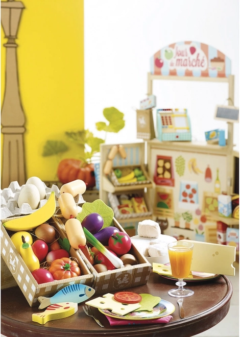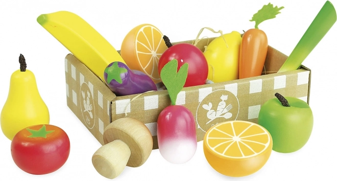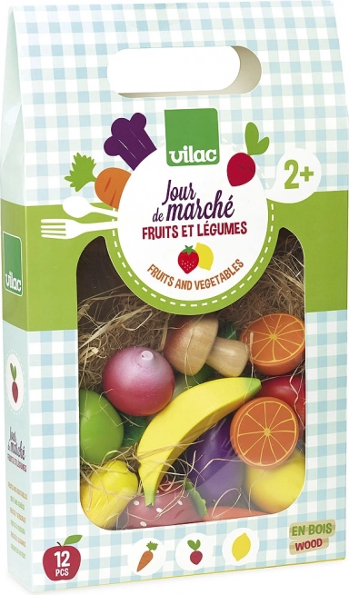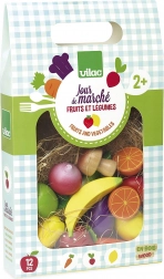 Acest set de calitate de la VILAC oferă copiilor o selecție variată de fructe și legume îndrăgite. Execuția din lemn cu accesorii din fetru este durabilă, sigură și plăcută la atingere. Setul este excelent pentru jocurile în bucătăria pentru copii sau la piață, susține comunicarea, creativitatea și învățarea despre alimentația sănătoasă.
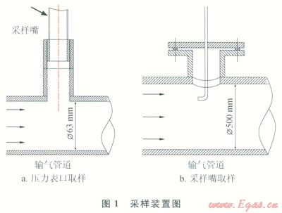井口管道的直徑為63mm,站內(nèi)匯管管徑為500mm。考慮到站內(nèi)實際情況,井口的取樣位置選擇在流量計前的短接處,更換為專門加工帶有采樣孔的短接[7];站內(nèi)匯管取樣位置首選能夠插入采樣嘴的位置,若無此類位置供選擇,就選擇壓力表口進(jìn)行取樣[8]。采樣裝置如圖1所示。
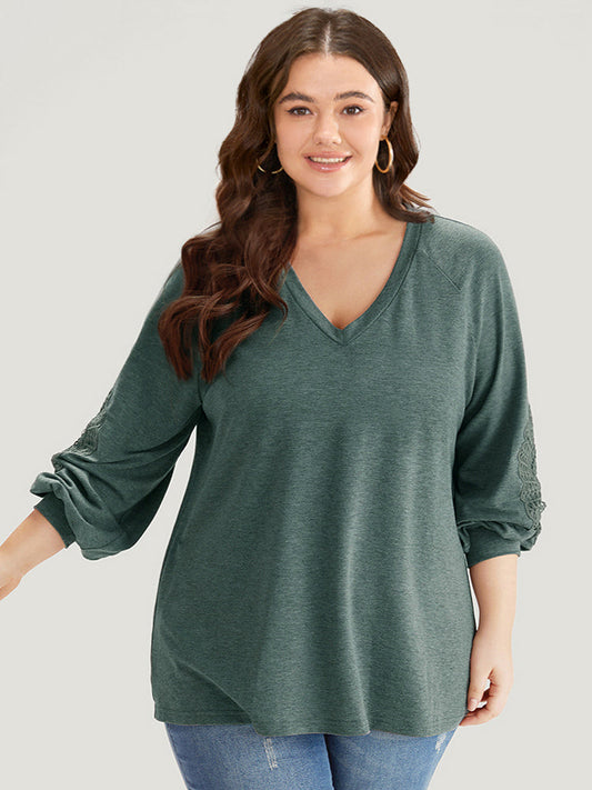 Plain Guipure Lace V Neck Raglan Sleeve Sweatshirt

============

→ TASK DIRECTIONS
Copy out the full material exactly. Pictures should not appear in it.

→ TASK OUTPUT
 Acest set de calitate de la VILAC oferă copiilor o selecție variată de fructe și legume îndrăgite. Execuția din lemn cu accesorii din fetru este durabilă, sigură și plăcută la atingere. Setul este excelent pentru jocurile în bucătăria pentru copii sau la piață, susține comunicarea, creativitatea și învățarea despre alimentația sănătoasă.
井口管道的直徑為63mm,站內(nèi)匯管管徑為500mm。考慮到站內(nèi)實際情況,井口的取樣位置選擇在流量計前的短接處,更換為專門加工帶有采樣孔的短接[7];站內(nèi)匯管取樣位置首選能夠插入采樣嘴的位置,若無此類位置供選擇,就選擇壓力表口進(jìn)行取樣[8]。采樣裝置如圖1所示。
 Plain Guipure Lace V Neck Raglan Sleeve Sweatshirt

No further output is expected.